All Catholic parents at this age face the challenge of passing their faith on to their children. I have learnt that just as my patients have a trajectory of illness, my faith journey has had and will continue to have its own trajectory. Doubt, anger, abandonment and rejection are part of this journey. The beauty is that the compass can constantly be realigned, and the door is always open. We remind our children of the need to use their gifts for others, to serve and seek solace through prayer. As they become young adults, I enjoy watching them discern decisions and make choices of faith, significant others and career paths. This is their journey. As a mother, I have learnt to pray for them and accompany them.

To the young people in this room, and by that I mean anybody under the age of 49: drink from many wells. Work and family alone will not sustain you. Seek opportunities to volunteer, give of your time and be of service. Cancel the words ‘too busy’ from your vocabulary. Life is too short. Surround yourself with greatness—greatness of mind, heart and spirit, kindness and kinship. Foster the virtues of courage, fortitude, hope and love within you. Demonstrate magnanimity and humility in your workplace; they go hand in hand.
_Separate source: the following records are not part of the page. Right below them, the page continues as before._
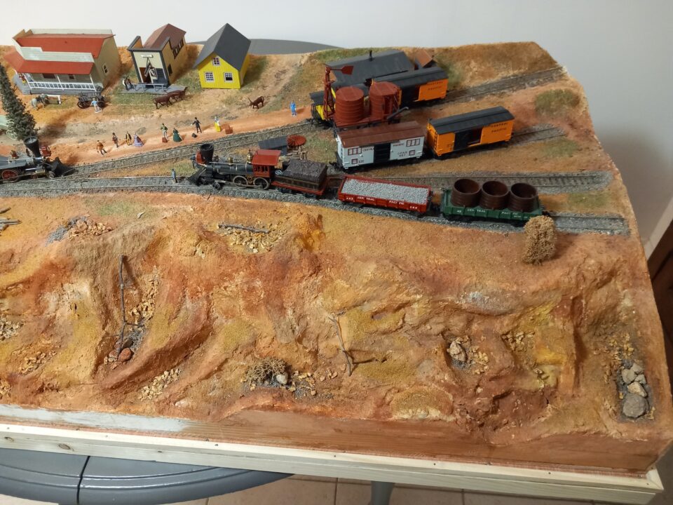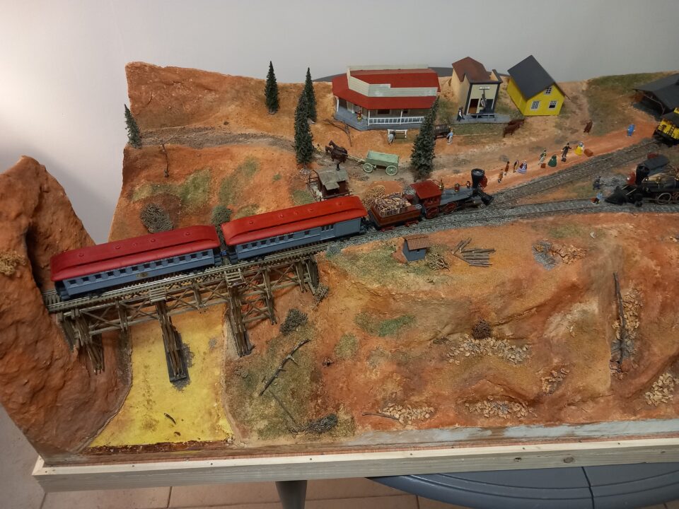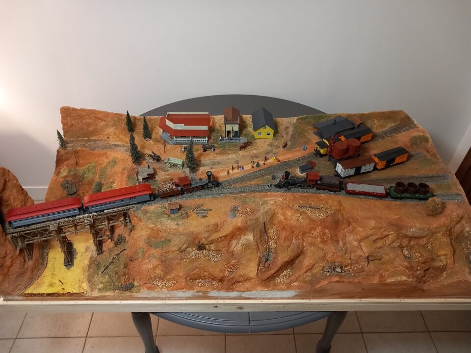Mon papa était un passionné de trains américains et de modélisme. Dans les années 60/70, il passait des commandes directement aux Etats Unis et a construit cette maquette.
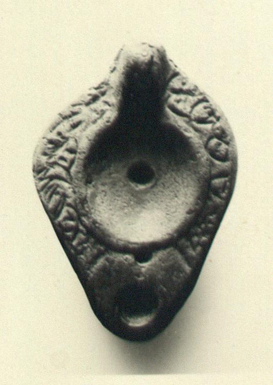 | Description: | Complete. On rim, debased vine pattern. Plain discus. Handle solid, double grooved above and below. On the reverse, a single circular groove enclosing a palm branch with four small circles; another circle at the base of the nozzle. Red wash almost entirely worn off the top part; the back part of the lamp, beneath, blackened with burning. Coarse yellow-buff clay. Type XXVIII of Corinth collection. | |
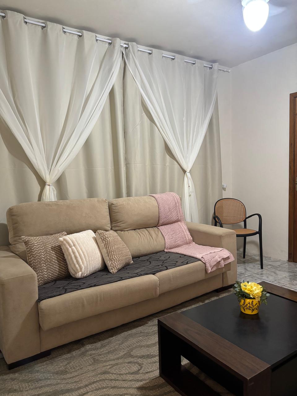 Lindo apartamento na região central de Montenegro. Perfeito para quem vem a trabalho ou lazer. Acomoda até 4 hóspedes com conforto. 1 quarto 1 banheiro Sala aconchegante Cozinha completa Lavanderia São 3 camas (1 de casal) + sofá-cama. Inclui roupas de cama e toalhas. Café da manhã fresquinho incluso. Wi-Fi, TV e ar-condicionado. Pátio fechado com monitoramento por câmeras. Bairro seguro, próximo a mercados, farmácias e academias. Será um prazer te receber.
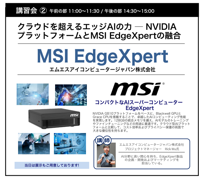 【内容】: (午前11:00からのセッションと同内容)Blackwell搭載AIスーパーコンピューター「MSI EdgeXpert」製品について解説します。
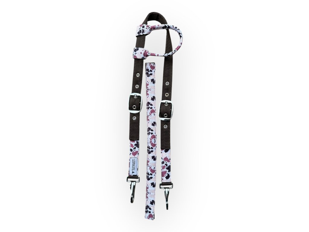 Stylová westernová uzda z nylonu Cowhide v tradičním hnědo-černo-bílém vzoru inspirovaném kravskou srstí. Lehká, odolná a snadno nastavitelná.

Make way for others. I gain great joy in the idea of stepping down from my position as Director and handing over the baton of leadership to another. I have relished the opportunity given to me to work with Villa Maria Catholic Homes and the sisters and know that life remains full of possibilities.

Put your hand up. Be doers and not talkers. Share your faith with others and be curious about other faiths. Visit temples, mosques and synagogues. Seek to come together as we have done today. Be creative and imaginative in your ideas and endeavours. Regardless of your personal opinions, support your Church and Bishop. Avoid sectarianism; it serves no one. Remember, the Bishop, too, has a position description. Lastly and most importantly, find a way to be contemplative and prayerful. There are many rooms in God’s house. Be faithful to the sacraments, open your hearts to God and always listen to your mother!